▶ **WHAT IS REQUIRED**: Retype each line of the data below exactly, beginning with the first and ending with the one that contains "这个字段最少一个字节,最多4". Pictures do not belong in the copy.

▶ **Dataset items**:

***

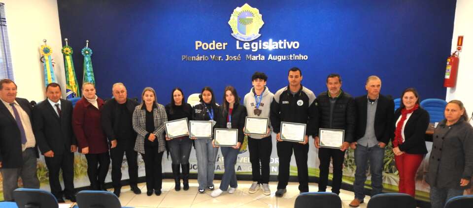 Os atletas Lorena Fernanda de Paula e Ana Clara Souza Fernandes, Guilherme Ferreira da Silva e Gabriel da Silva Paulino, foram agraciados com uma Moção de Aplausos e Parabenização, da Câmara Municipal de Vereadores, pelos seus desempenhos nos Jogos Escolares da Juventude do Mato Grosso do Sul (Prodesc).
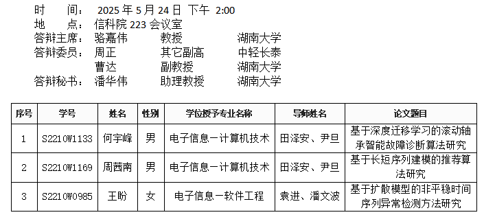 九色 (智能计算系)2025年5月24日硕士答辩公告(2)
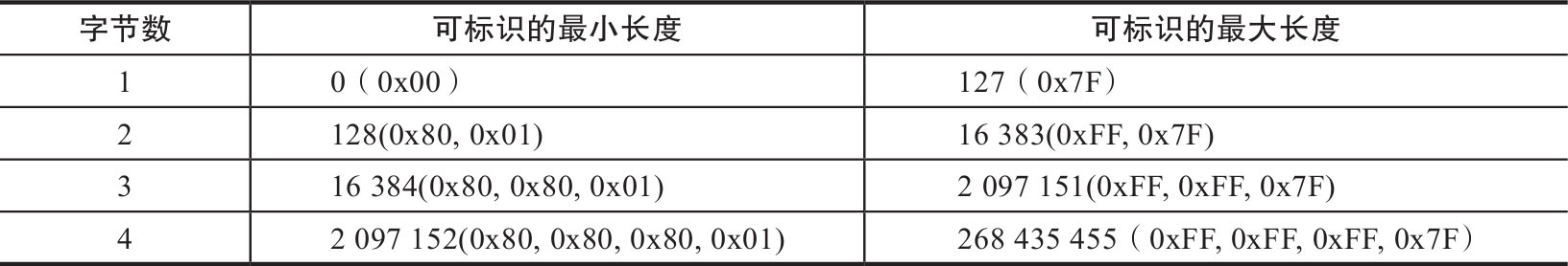 这个字段最少一个字节,最多4个字节。其中,每一个字节的最高位叫作延续位(Continuation Bit),用于标识在这个字节之后是否还有一个用于表示剩余长度的字节。剩下的低7位用于标识值,范围为0~127。
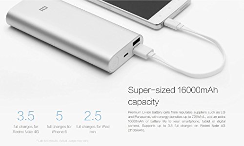 -. Binding : Wireless Phone Accessory -. Brand : Xiaomi professional store -. Color : Silver -. EAN : 0718520676116 -. Feature : Dual USB ports and premium Li-ion battery cells encased in a sleek aluminium casing / Premium Li-ion battery cells from reputable suppliers such as LG and Panasonic, with energy densities up to 725Wh/L, add an extra 16000mAh of battery life to your smartphone, tablet or digital camera. / Mi Power Bank automatically adjusts its output level based on the connected device. It is compatible with smartphones and tablets from Mi, Apple, Samsung, HTC, Google and BlackBerry, as well as a variety of digital cameras and handheld gaming devices. / World-class chipset protection Nine layers of circuit protection, built by Texas Instruments Mi Power Bank's adopted USB smart-control and charging/discharging chips from Texas Instruments provide nine layers of circuit chip protection while enhancing efficiency. / Optimized charging/discharging efficiency Up to 93% conversion rate World-class chips not only are safer, but also improve charging conversion rate and stabilize discharging voltage with advanced resistance-capacitance sensors to optimize efficiency and durability. -. Label : Xiaomi -. Manufacturer : Xiaomi -. PackageQuantity : 1 -. ProductGroup : Wireless -. ProductTypeName : WIRELESS_ACCESSORY -. Publisher : Xiaomi -. Studio : Xiaomi -. Title : Xiaomi Power Bank 16000mAh Dual USB Port External Battery Charger Pack Portable Charger for iPhone 6s 6 Plus 5s 5,iPad Air,Mini,Samsung Galaxy,LG,Google,HTC,MP4,MP3,Cell Phones,Tablets - Silver Color -. UPC : 718520676116
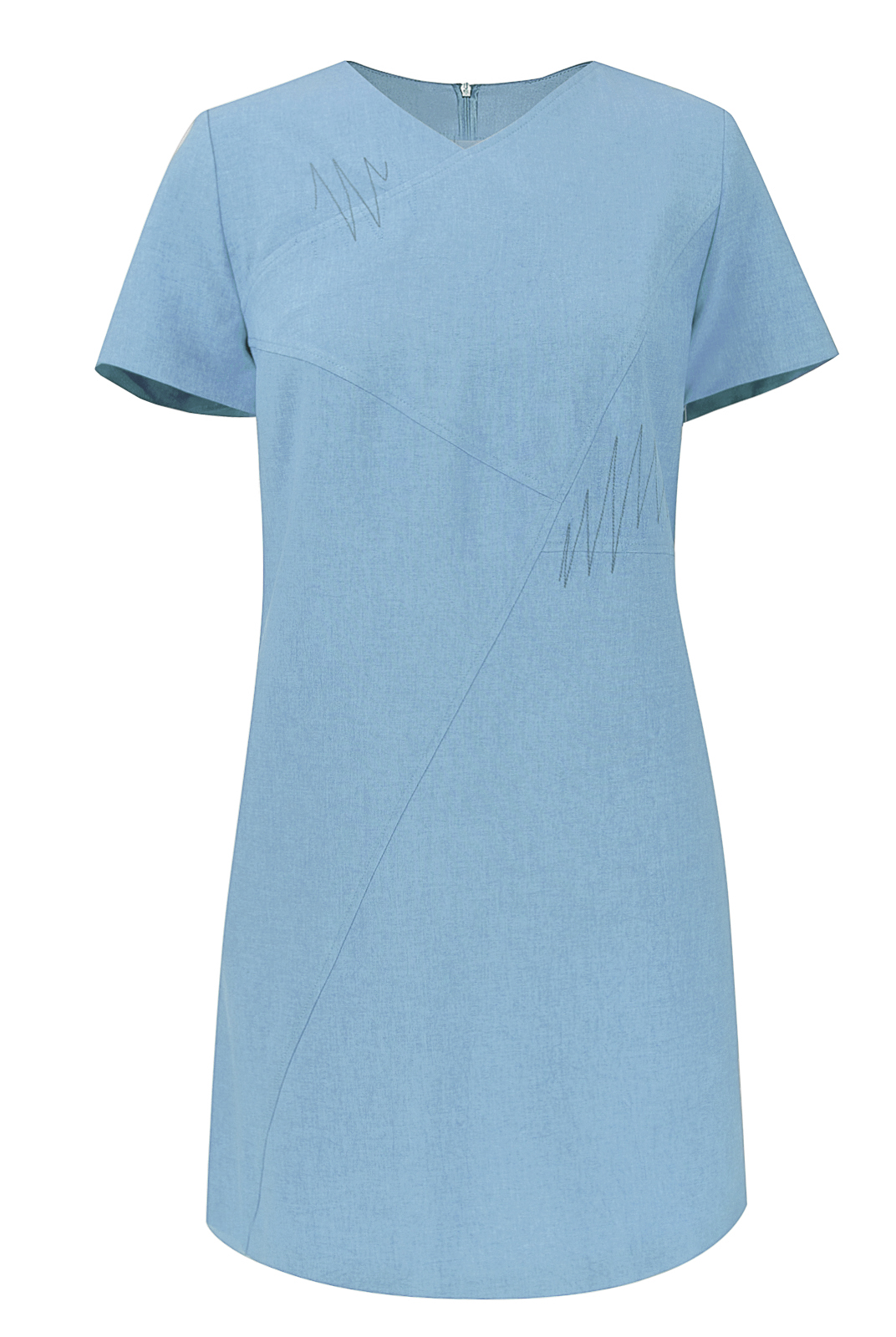 Ассиметричное конструктивное решение передней половинки платья подчеркнуто зигзагообразной декоративной строчкой, что придает модели динамичность и наделяет ее выразительностью.
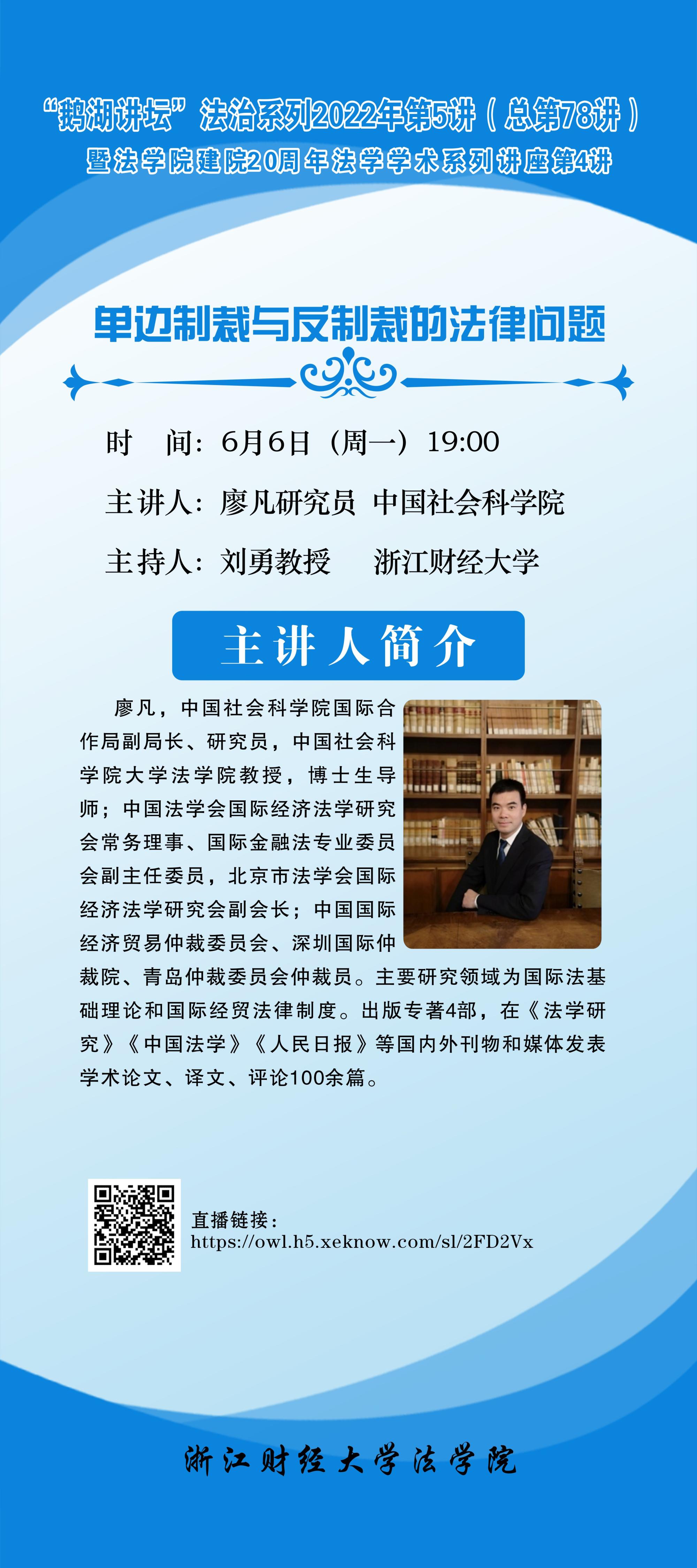 “鹅湖讲坛”法治系列2022年第5讲暨成人动漫 建院20周年法学学术系列讲座第4讲廖凡研究员
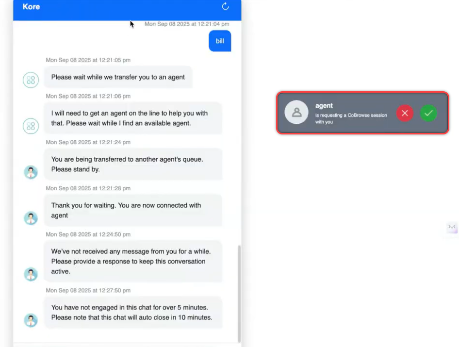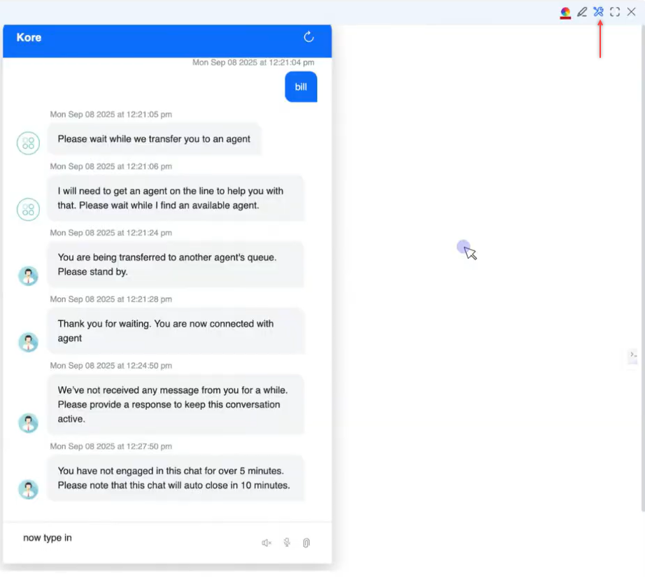 To receive read receipts, and typing indicators, install the AgentDesktop plugin in WebSDK 3.0. The Agent Desktop plugin allows the user to interact with the human agent through the AI Agent and supports the following features:
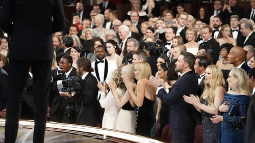 The star-studded crowd at the Oscars reacts in shock when "Moonlight" is revealed as the best picture winner. (Al Seib / Los Angeles Times via Getty Images)
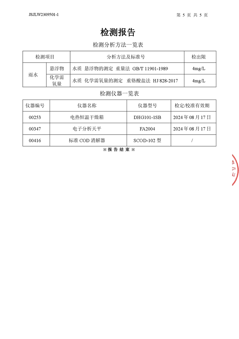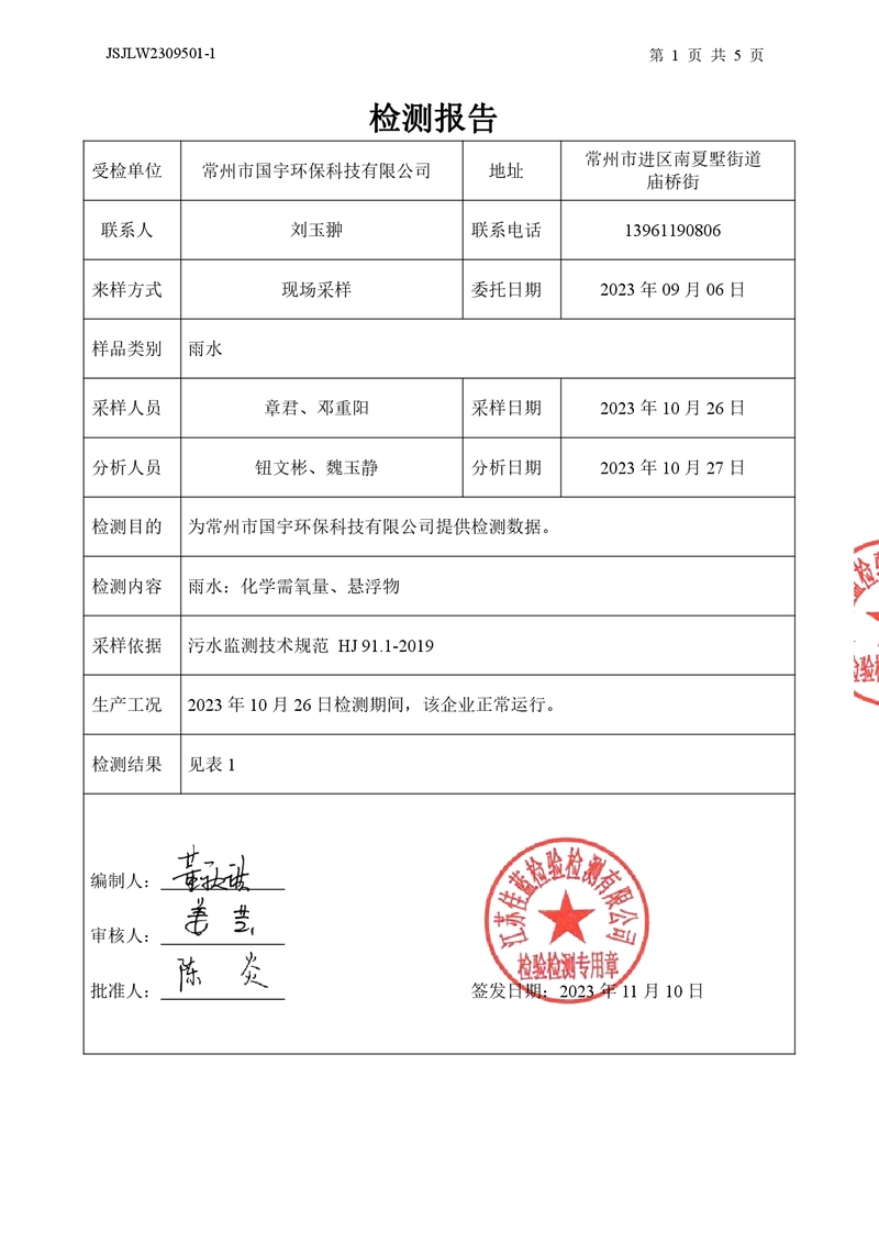 雨水檢測(cè)報(bào)告
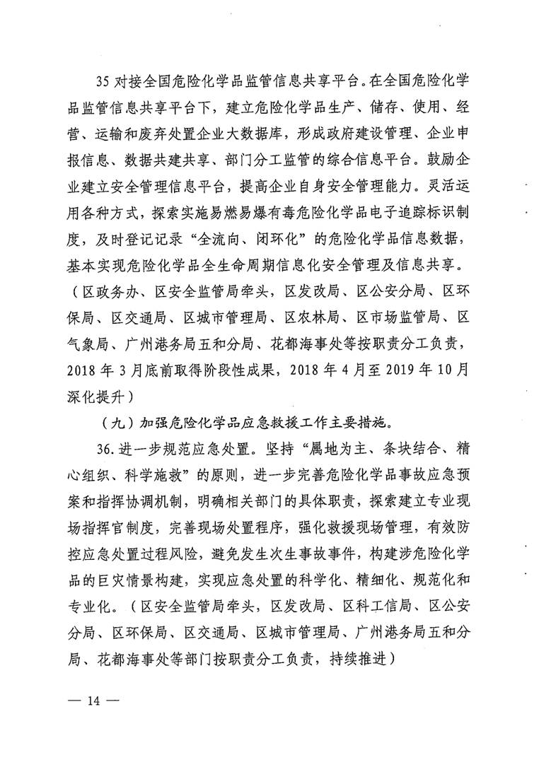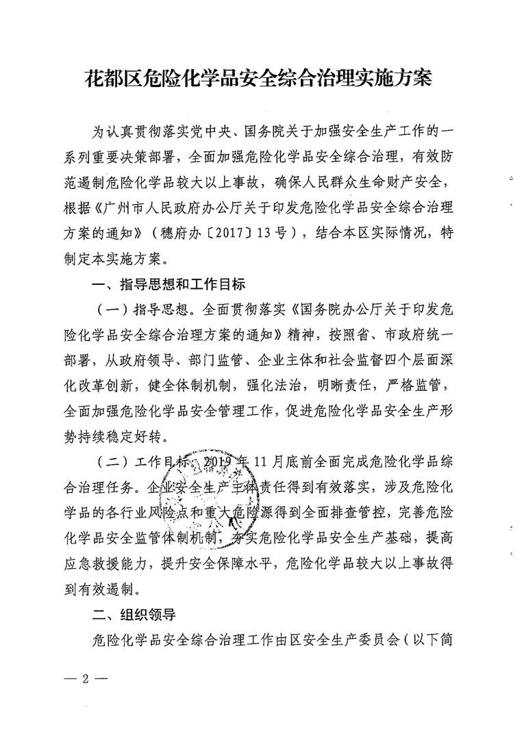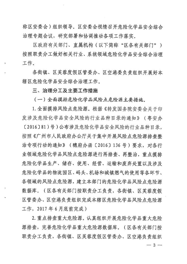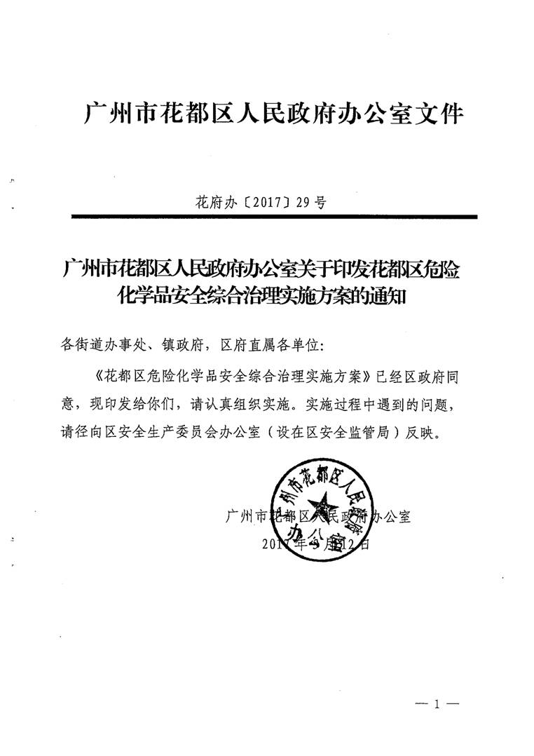 廣州市花都區人民政府辦公室關于印發花都區危險化學品安全綜合治理實施方案的通知【花府辦〔2017〕29號】(已失效)
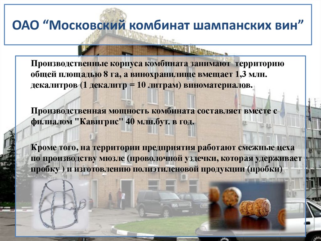 ОАО “Московский комбинат шампанских вин”Производственные корпуса комбината занимают территорию
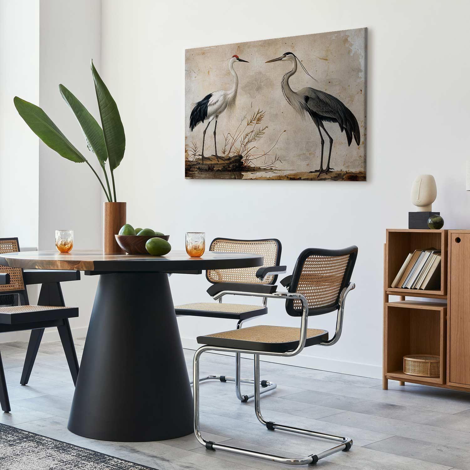 Leinwandbild - Birds from an old engraving - vintage-style illustration depicting a heron and a crane
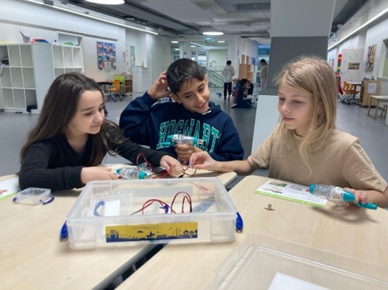 Während der Projektzeit widmeten sich die Kinder jeder Box mit großer Aufmerksamkeit und Hingabe. Dank präziser Anleitungen tauchten sie tief in die Materie ein, erforschten eigenständig verschiedene Aspekte und erarbeiteten sich so ein fundiertes Verständnis für elektrische Phänomene. Die Projektarbeit erfolgte in kleinen Gruppen, um sicherzustellen, dass jedes Kind aktiv am Lernprozess teilnehmen kann.

***

▶ **TASK RESPONSE**:
 Os atletas Lorena Fernanda de Paula e Ana Clara Souza Fernandes, Guilherme Ferreira da Silva e Gabriel da Silva Paulino, foram agraciados com uma Moção de Aplausos e Parabenização, da Câmara Municipal de Vereadores, pelos seus desempenhos nos Jogos Escolares da Juventude do Mato Grosso do Sul (Prodesc).
 九色 (智能计算系)2025年5月24日硕士答辩公告(2)
 这个字段最少一个字节,最多4个字节。其中,每一个字节的最高位叫作延续位(Continuation Bit),用于标识在这个字节之后是否还有一个用于表示剩余长度的字节。剩下的低7位用于标识值,范围为0~127。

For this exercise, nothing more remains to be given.